• [AIM OF THE EXERCISE] I need the lines from the one holding "Полотенцесушитель Тругор Аспект" to the last line of the data below repeated exactly, both included, without pictures.

• [SUPPLIED DATA]
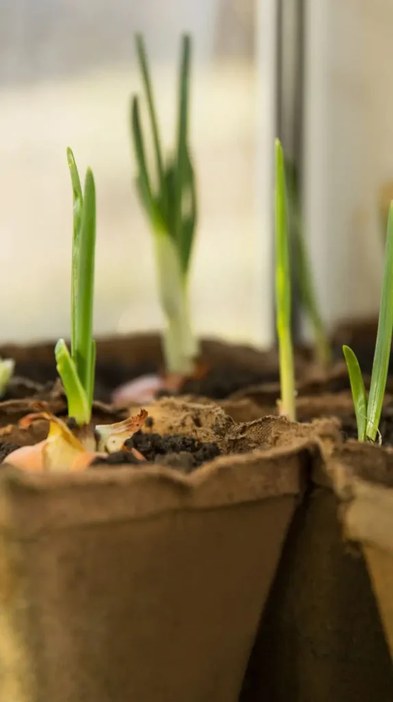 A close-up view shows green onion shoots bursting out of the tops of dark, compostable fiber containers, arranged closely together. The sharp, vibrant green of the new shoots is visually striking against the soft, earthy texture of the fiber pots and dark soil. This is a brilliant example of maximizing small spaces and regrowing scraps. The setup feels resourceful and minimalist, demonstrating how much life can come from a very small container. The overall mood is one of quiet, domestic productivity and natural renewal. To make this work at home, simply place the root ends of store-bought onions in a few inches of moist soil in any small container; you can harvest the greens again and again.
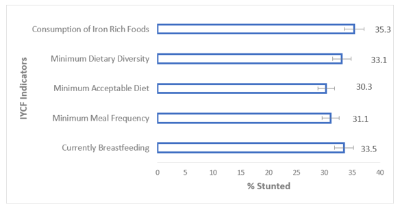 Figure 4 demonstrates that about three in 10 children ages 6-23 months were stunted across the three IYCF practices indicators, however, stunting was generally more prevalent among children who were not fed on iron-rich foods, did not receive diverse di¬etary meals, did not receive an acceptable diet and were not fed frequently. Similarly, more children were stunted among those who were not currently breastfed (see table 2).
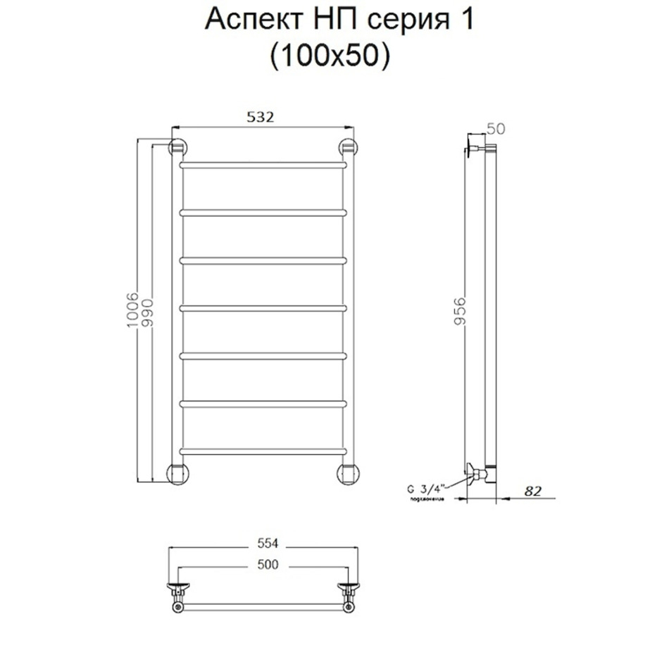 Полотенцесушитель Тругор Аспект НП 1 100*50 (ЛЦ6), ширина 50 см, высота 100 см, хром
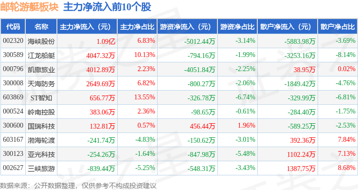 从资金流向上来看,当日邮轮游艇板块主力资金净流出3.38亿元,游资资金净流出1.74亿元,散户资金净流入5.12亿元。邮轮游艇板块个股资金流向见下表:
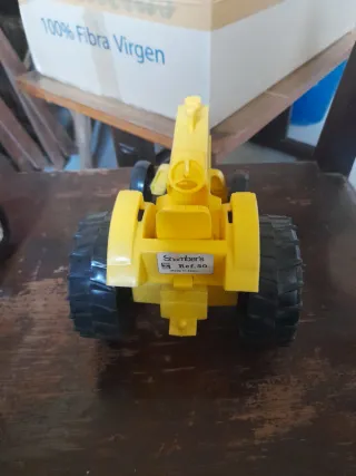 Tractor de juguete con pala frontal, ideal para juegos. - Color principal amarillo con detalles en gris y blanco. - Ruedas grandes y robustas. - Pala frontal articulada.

• [TASK RESPONSE]
 Полотенцесушитель Тругор Аспект НП 1 100*50 (ЛЦ6), ширина 50 см, высота 100 см, хром
 从资金流向上来看,当日邮轮游艇板块主力资金净流出3.38亿元,游资资金净流出1.74亿元,散户资金净流入5.12亿元。邮轮游艇板块个股资金流向见下表:
 Tractor de juguete con pala frontal, ideal para juegos. - Color principal amarillo con detalles en gris y blanco. - Ruedas grandes y robustas. - Pala frontal articulada.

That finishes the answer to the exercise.